NullPointerException when running TagReadWithGeneFunction, Drop-seq protocol
hoytpr opened this issue · 9 comments
I'm running Drop-seq_tools2.3.0 or our University cluster and have some scRNAseq data from our Illumina instrument. Drop-seq was installed in the last few days. Following the McCarroll lab protocol from 2018.
I have completed the create_Drop-seq_reference_metadata.sh
script, and am running the Drop-seq_alignment.sh
script on a small batch of sequence data (one sample with only a few thousand reads). These sequences were processed with bcl2fastq
(most recent version) and then a new install of Picard 2.21.4-3gd7e09b8 (installed by cloning and building with gradle) using FastqToSam
to generate the uBAM files. Unfortunately the NullPointerException
doesn't give me much to troubleshoot. I have read other issues on this site, but none seemed to solve this exact error.

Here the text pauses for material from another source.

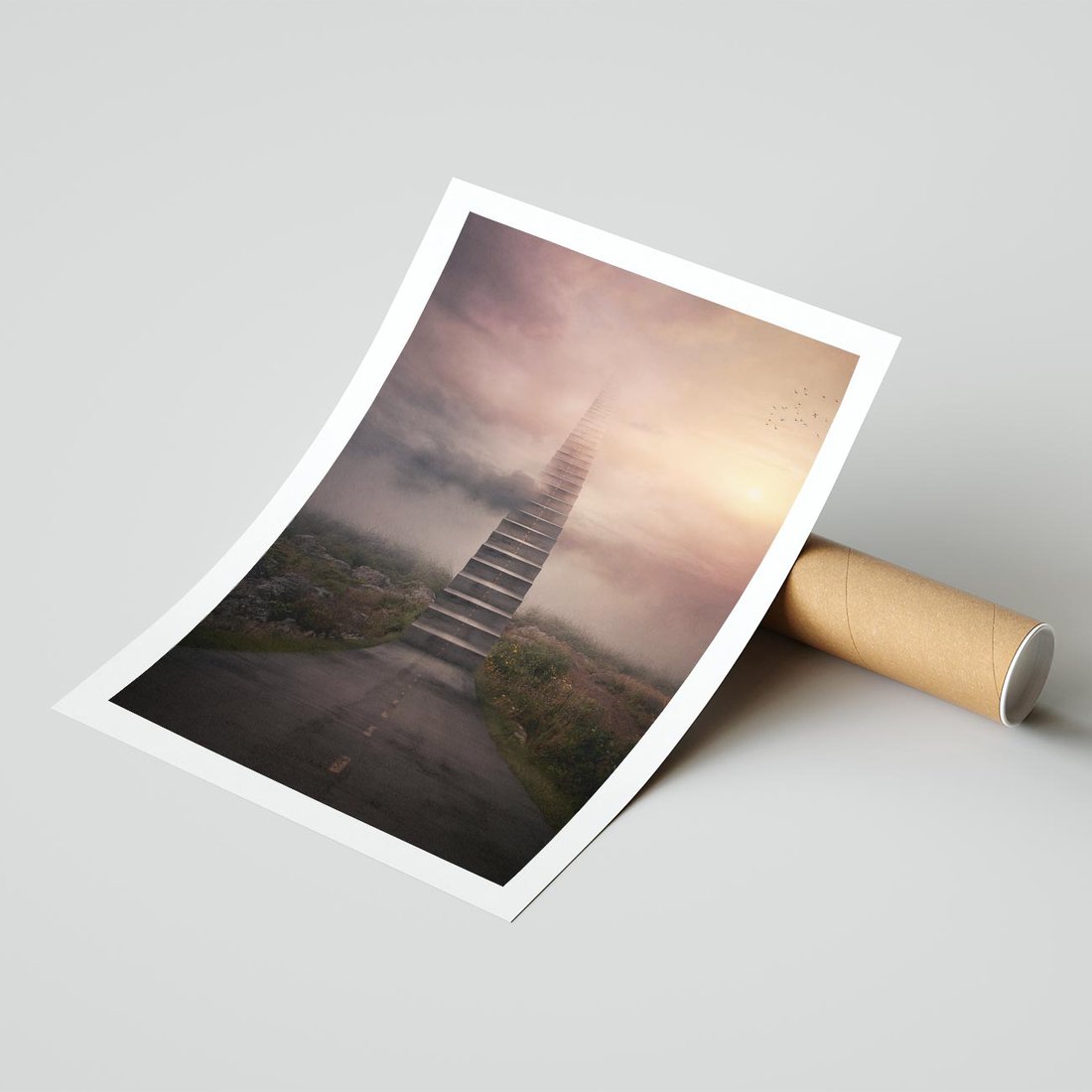 Plakat bez ramy 50x70 - Wędrówka po malowniczej drodze - droga, schody

EDIT: I did not include that this cluster loads JAVA 1.8 using a module so module load jdk/1.8.0_112
must be part of my submission scripts.
TagReadWithInterval completes then during the TagReadWithGeneFunction step of the process, the following error occurs:
[Tue Dec 17 15:04:36 CST 2019] org.broadinstitute.dropseqrna.metrics.TagReadWithInterval done. Elapsed time: 0.02 minutes.
Runtime.totalMemory()=504889344
INFO 2019-12-17 15:04:37 TagReadWithGeneFunction
********** NOTE: Picard's command line syntax is changing.
**********
********** For more information, please see:
********** https://github.com/broadinstitute/picard/wiki/Command-Line-Syntax-Transition-For-Users-(Pre-Transition)
**********
********** The command line looks like this in the new syntax:
**********
********** TagReadWithGeneFunction -O ./dropseqtemp/function_tagged.bam -ANNOTATIONS_FILE ../outputs/cat9.refFlat -INPUT ./dropseqtemp/gene_tagged.bam
**********
15:04:37.696 INFO NativeLibraryLoader - Loading libgkl_compression.so from jar:file:/panfs/panfs.cluster/scratch/phoyt/scRNA/Drop-seq_tools-2.3.0/jar/lib/picard-2.18.14.jar!/com/intel/gkl/native/libgkl_compression.so
15:04:37.708 WARN NativeLibraryLoader - Unable to load libgkl_compression.so from native/libgkl_compression.so (No such file or directory)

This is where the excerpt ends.